Lesotho Ultra Trail 2014 hosted by Maliba Lodge

Lesotho Ultra Trail 2014 hosted by Maliba Lodge

Plan your trip
Set aside at least seven days (10 is better), and choose a destination with good trails. Flagstaff, Boulder, and Albuquerque are popular, but the choice of mountain towns is endless. Timing your return may be tricky–some athletes feel off as they readjust to lower altitude, while some like to race shortly after arriving home. If it’s your first time, err on the side of caution, and come back two to three weeks before a goal race (Hutchinson, 2015).
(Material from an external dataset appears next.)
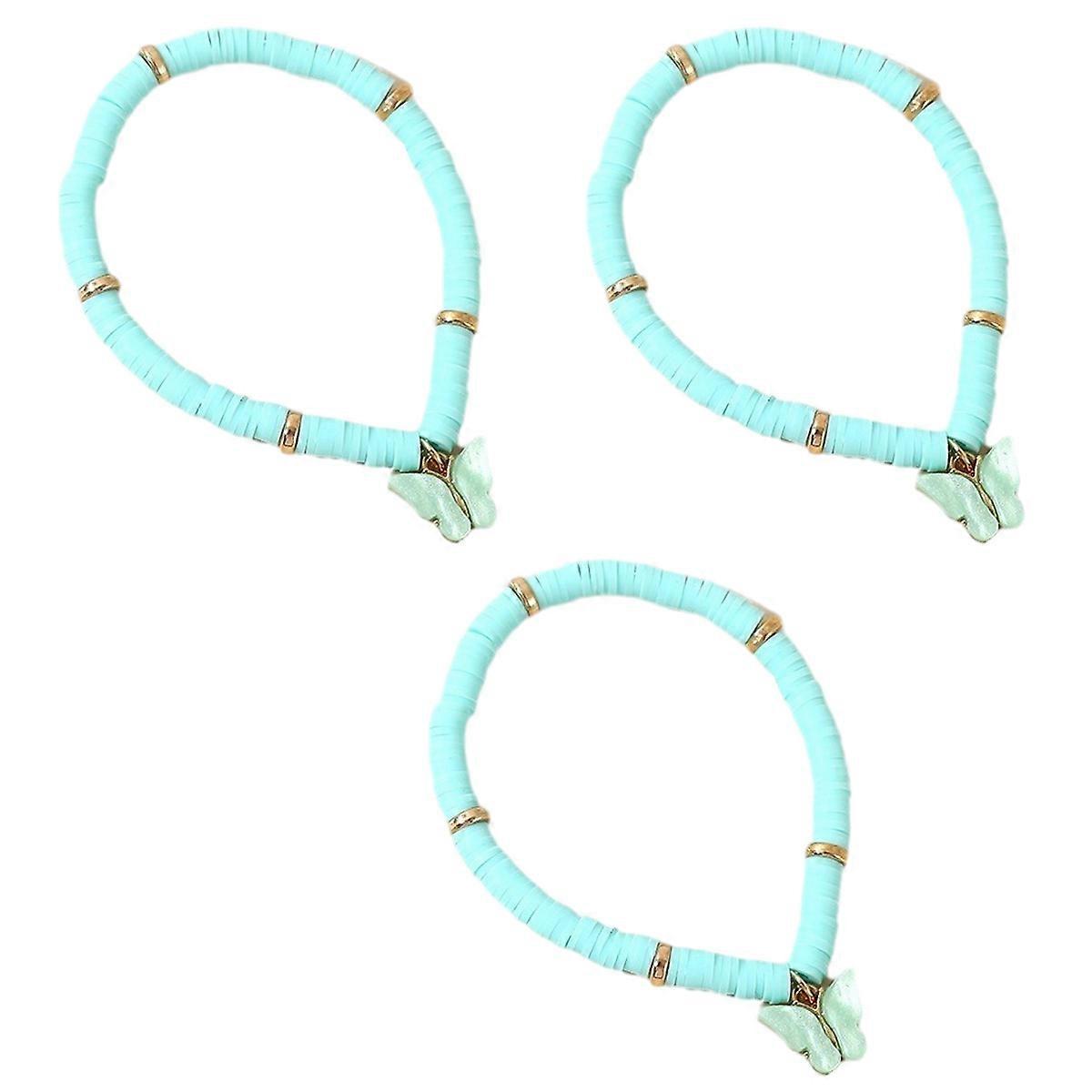 3 Pcs Blue Clay Bracelet Set for Women Stackable Disc Polymer Beaded Stretch Bracelets Bohemian Summer Beach Bracelets Jewelry

You need adequate iron stores to boost hemoglobin levels, so include iron-rich foods–like red meat, beans, and dark leafy greens–in your diet before you leave and after you arrive. You also need to pay more attention to staying hydrated, since you’ll be losing fluid through your lungs and skin in the dry mountain air–“insensible” fluid loss that doesn’t trigger thirst as powerfully as sweat losses in more humid environments (Hutchinson, 2015).

Back Off
It’s tempting to cram as much hard work as possible into a short training getaway, but overdoing it when you arrive at altitude can overstress your immune system and interfere with your body’s ability to boost red blood cell production. For the first three days, stick to easy runs and reduce your mileage by 25 percent. If you feel good at that point, you can try intervals or tempo runs at half-marathon effort or slower. Progress to faster workouts only if you’re there for more than a week (Hutchinson, 2015).

Think Effort, not Pace
Depending on the elevation, your workouts will likely be three to 15 percent slower than usual. Ditch your watch and focus on running by feel, so that your effort matches your goals for the session. If you finish an easy run feeling like you’ve just run a hard race, you’re off-target (Hutchinson, 2015).